Thought I would give my engine & car a clean since the weather was good. I gone a tip on here to use Cif on my engine so off to Morrisons I went. I sprayed my engine with Cif then used a brush to agitate the dirt. Then wiped it down & then used 303 protector. I also wanted to dry some new wax I had bought R222 which my mate said was the best wax he'd ever used. So washed & dry the car used some poor boys polish then waxed the car. I'm impressed with the results. I also used the 303 on the front grill which brought it up nice.

Dak2v


----------



## YELLOW_TT (Feb 25, 2004)

Nice job looks fantastic


----------



## dak2v (Mar 12, 2011)

Thanks I just need to get the wheels refurbished & I will be happy not sure where to go as I want them doing properly

Dak2v


----------



## YELLOW_TT (Feb 25, 2004)

dak2v said:


> Thanks I just need to get the wheels refurbished & I will be happy not sure where to go as I want them doing properly
> 
> Dak2v


Where are you located :?:


----------



## dak2v (Mar 12, 2011)

Located in Bradford but I don't mind travelling if I can find some that can do them
Dak2v


----------



## YELLOW_TT (Feb 25, 2004)

dak2v said:


> Located in Bradford but I don't mind travelling if I can find some that can do them
> Dak2v


There are 3 places local to me but I am in the north east in Hartlepool


----------



## dak2v (Mar 12, 2011)

What sort of prices are they asking.

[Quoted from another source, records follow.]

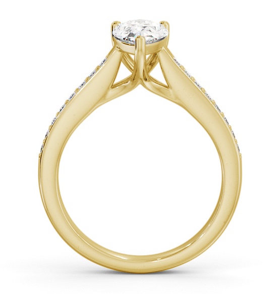 Tiana diamond engagement ring with a four claw 18K Yellow Gold setting. This contemporary engagement ring is illuminated by a splendid emerald shaped centre diamond, accompanied by sparkling array of round diamonds down the sleek band. The diamond side stones are an approximate total of 0.08ct with Clarity VS1 and Colour F. This ring is available in a range of metal options and your choice of natural or lab grown diamonds. We offer a free design service for any customised changes that you may require.
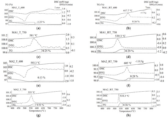 TG/DSC analysis of LiTi ferrite synthesized at 600 and 750 °C for 120 min from Li2CO3/Fe2O3/TiO2 mixture mechanically activated at different energy intensity. (a,b)—mechanically activated at rotation speed of 1290 rpm samples synthesized at 600 °C by T and RT heating respectively; (c,d)—mechanically activated at rotation speed of 1290 rpm samples synthesized at 750 °C by T and RT heating respectively; (e,f)—mechanically activated at rotation speed of 2220 rpm samples synthesized at 600 °C by T and RT heating respectively; (g,h)—mechanically activated at rotation speed of 2220 rpm samples synthesized at 750 °C by T and RT heating respectively.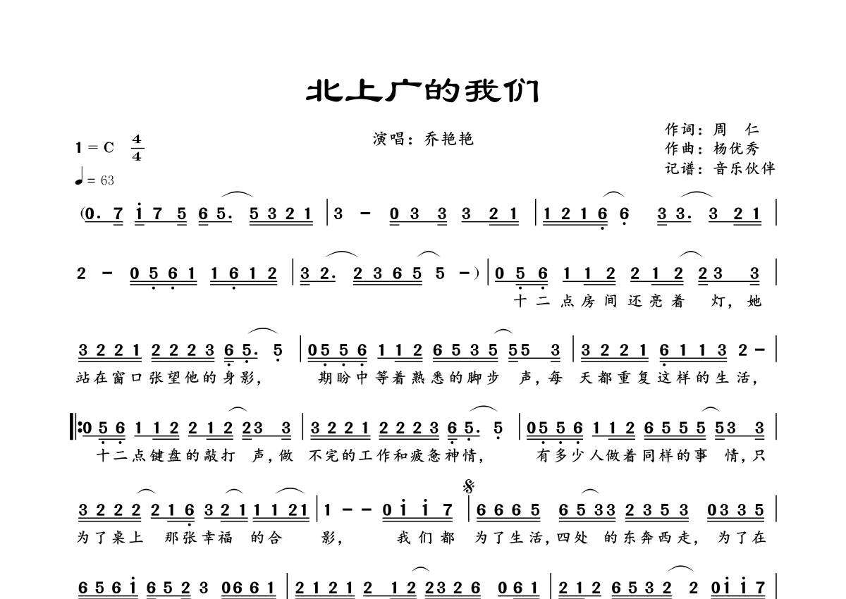 《北上广的我们》是乔艳艳演唱的一首歌曲,拍号为4/4拍,歌曲速度为每分钟63拍,这份简谱共有一张高清图谱,图谱由 @音乐伙伴 编配上传。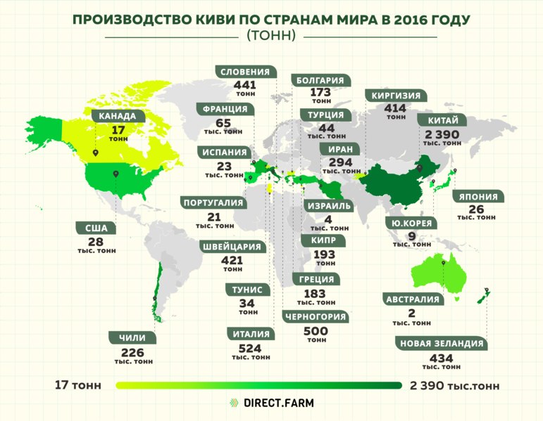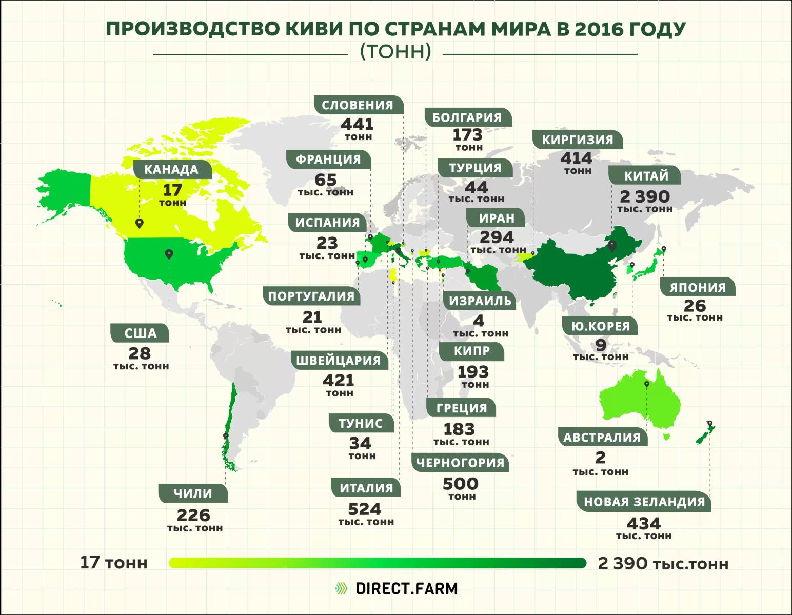 Крупнейшими производителями киви являются Китай, Италия, Иран и Чили.

Also do they have a website I can check out


----------



## YELLOW_TT (Feb 25, 2004)

dak2v said:


> What sort of prices are they asking. Also do they have a website I can check out


I think it's about £250 for 19s not sure about a website but I have had my wheels done at all of them and they are all top class


----------



## davelincs (Jan 1, 2010)

Good work dak


----------